As a process guide at an Amazon facility in Avenel, New Jersey, Brown sorts groceries for delivery, work she described as "physically and mentally exhausting," before noting that "on top of that, we are monitored every single second as we scan items."

According to Brown:

So pausing even to wipe the sweat off our forehead can lead to a write-up as managers monitor our locations and times we spend doing work. If we fall behind in any way during our 12-hour shift, we risk being disciplined. We are pushed to our limit to the point where we can’t even take regular bathroom breaks. Often we literally have to run to and from the bathroom in under two minutes so we don't get in trouble. The constant pressure and surveillance is one reason why Amazon has twice the level of injuries and turnover compared to similar employers.
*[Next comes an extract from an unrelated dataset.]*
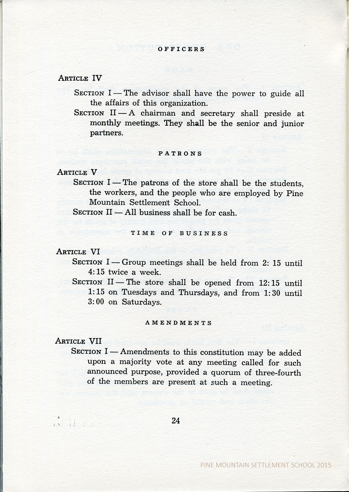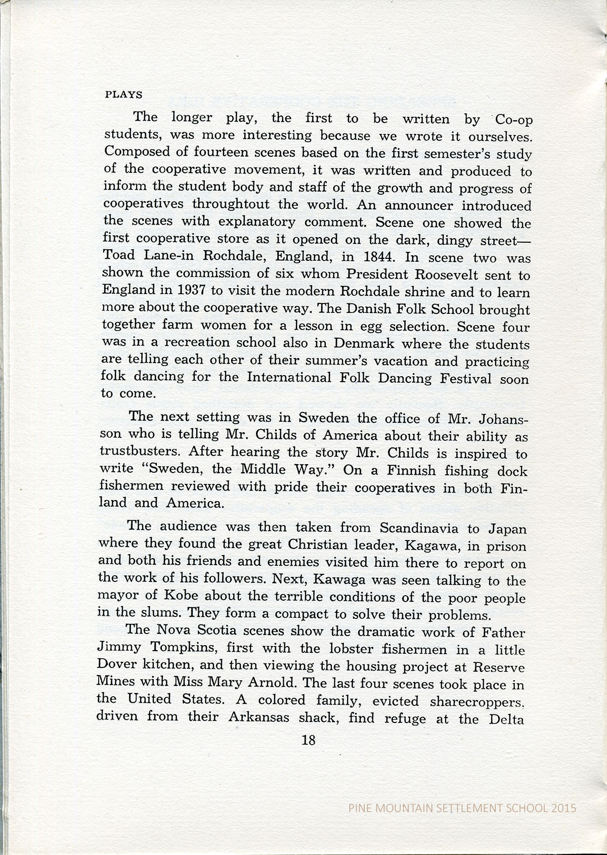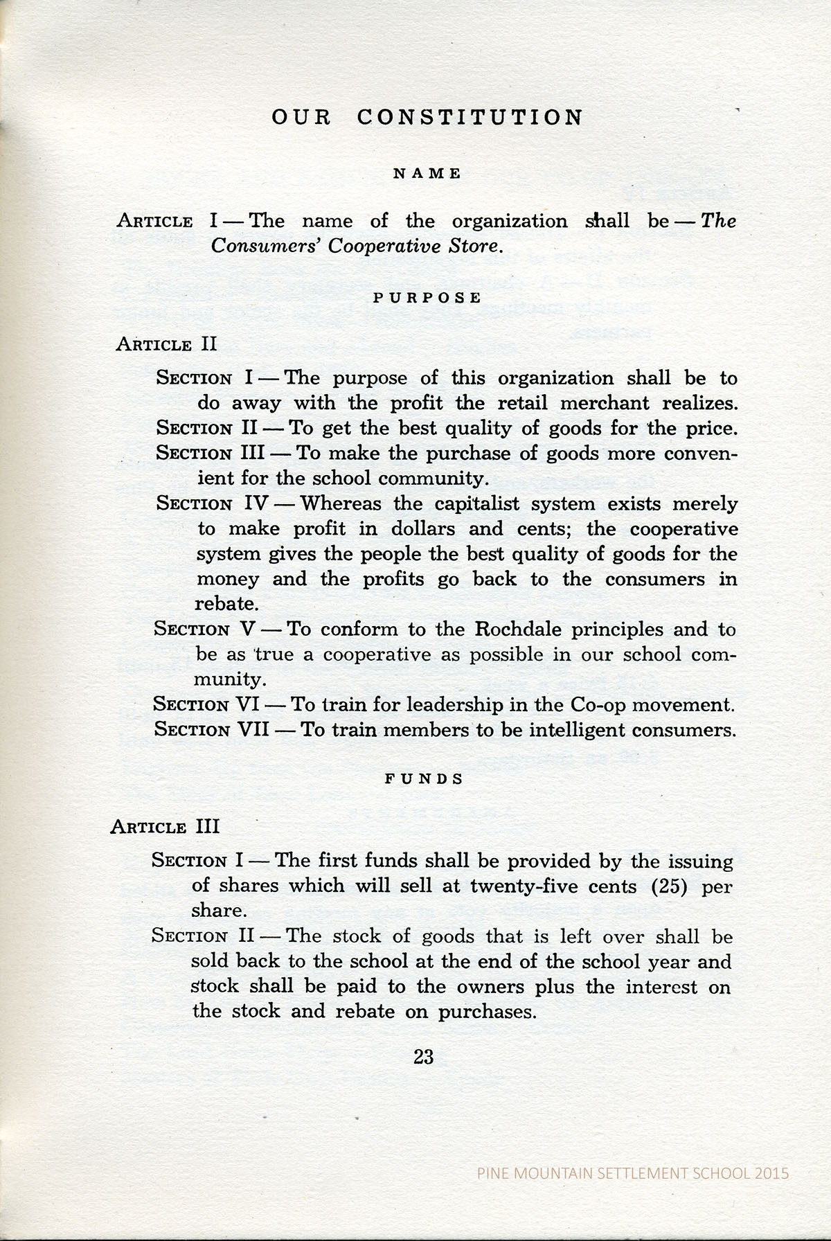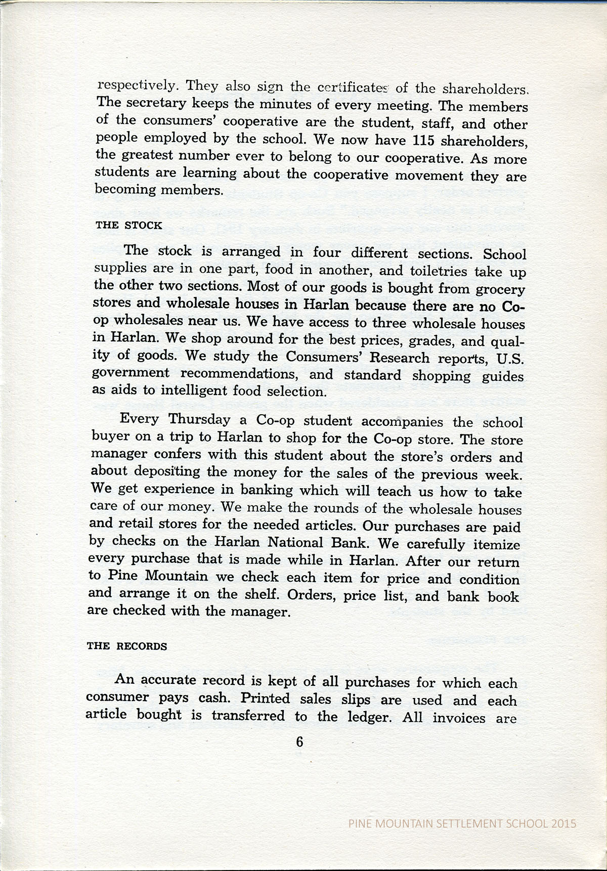 Not only do we study about our own cooperative store at Pine Mountain, but we study about cooperatives all over the world which are found in 47 different countries. From an understanding of the first cooperatives in England we passed to the Scandinavian countries. From there we went to Japan to learn about Kagawa. Cooperatives in Novia Scotia were interesting because of Dr. Coady, Father Tompkins, and the housing project for the miners. Cooperatives in the United States were studied thoroughly. We learned how they were organized and what they are doing. We have also learned that people can buy cooperatively, borrow money cooperatively, and produce goods cooperatively. Our cooperative store was organized for the purpose of buying cooperatively.

Taking aim at Amazon's founder and former CEO—who competes with Telsa's Elon Musk for the title of the world's richest person—Brown detailed her difficulties with the e-commerce giant's bereavement policy in the wake of her mother's death, explaining that she had to take "a month of unpaid time off, while Jeff Bezos made $75 billion last year thanks to me and my coworkers."
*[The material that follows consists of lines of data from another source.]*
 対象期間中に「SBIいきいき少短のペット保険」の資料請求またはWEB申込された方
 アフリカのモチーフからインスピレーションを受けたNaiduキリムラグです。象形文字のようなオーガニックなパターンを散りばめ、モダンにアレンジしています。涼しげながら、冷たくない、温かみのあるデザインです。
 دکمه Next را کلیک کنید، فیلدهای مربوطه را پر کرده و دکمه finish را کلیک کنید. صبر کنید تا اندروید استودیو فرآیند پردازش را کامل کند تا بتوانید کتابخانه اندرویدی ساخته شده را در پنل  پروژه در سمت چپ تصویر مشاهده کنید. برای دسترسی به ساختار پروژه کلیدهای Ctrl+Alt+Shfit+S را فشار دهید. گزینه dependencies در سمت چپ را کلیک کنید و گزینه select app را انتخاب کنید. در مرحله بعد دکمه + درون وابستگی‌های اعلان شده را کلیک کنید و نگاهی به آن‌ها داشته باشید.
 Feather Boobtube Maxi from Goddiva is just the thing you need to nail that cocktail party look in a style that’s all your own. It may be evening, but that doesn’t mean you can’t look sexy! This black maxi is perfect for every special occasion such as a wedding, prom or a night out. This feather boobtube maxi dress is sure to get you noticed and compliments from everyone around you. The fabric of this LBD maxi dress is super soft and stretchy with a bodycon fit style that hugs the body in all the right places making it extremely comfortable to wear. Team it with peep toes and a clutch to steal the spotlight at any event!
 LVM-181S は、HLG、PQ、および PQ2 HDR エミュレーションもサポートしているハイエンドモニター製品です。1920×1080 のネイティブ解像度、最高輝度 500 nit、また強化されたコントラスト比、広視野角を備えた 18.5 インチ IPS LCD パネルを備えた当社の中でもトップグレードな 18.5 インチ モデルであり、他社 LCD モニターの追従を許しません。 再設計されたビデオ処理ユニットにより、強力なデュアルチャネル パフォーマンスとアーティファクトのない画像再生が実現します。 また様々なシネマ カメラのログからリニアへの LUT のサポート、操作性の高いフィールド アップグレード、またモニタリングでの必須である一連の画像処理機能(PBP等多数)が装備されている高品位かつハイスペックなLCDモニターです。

"Amazon's multibillion-dollar wealth is made possible by offering one- and two-day delivery," she said, "and the corporation has achieved this speed and scale through sheer brutality—watching, timing, and punishing associates like me and my coworkers for not working fast enough and not allowing associates to take time off to adequately recover, rest, and prevent burnout."

"We are living in a country where machines are getting better treatment than people," she asserted. "The machines at my facility undergo routine maintenance checks to ensure they don't burn out. Meanwhile, research has shown that workplace injury rates are higher at Amazon facilities with more robotic and automated technology."



"Amazon's high-tech sweatshop caused me to develop plantar fasciitis—a debilitating pain in my heel—because I'm having to stand up for long periods of time at work with little to no rest. The burning sensation around my heels is so painful that I take what little time I have to run to the bathroom just to cry," Brown continued, noting that one time she begged doctors to keep her at the emergency room longer because she had to return to work.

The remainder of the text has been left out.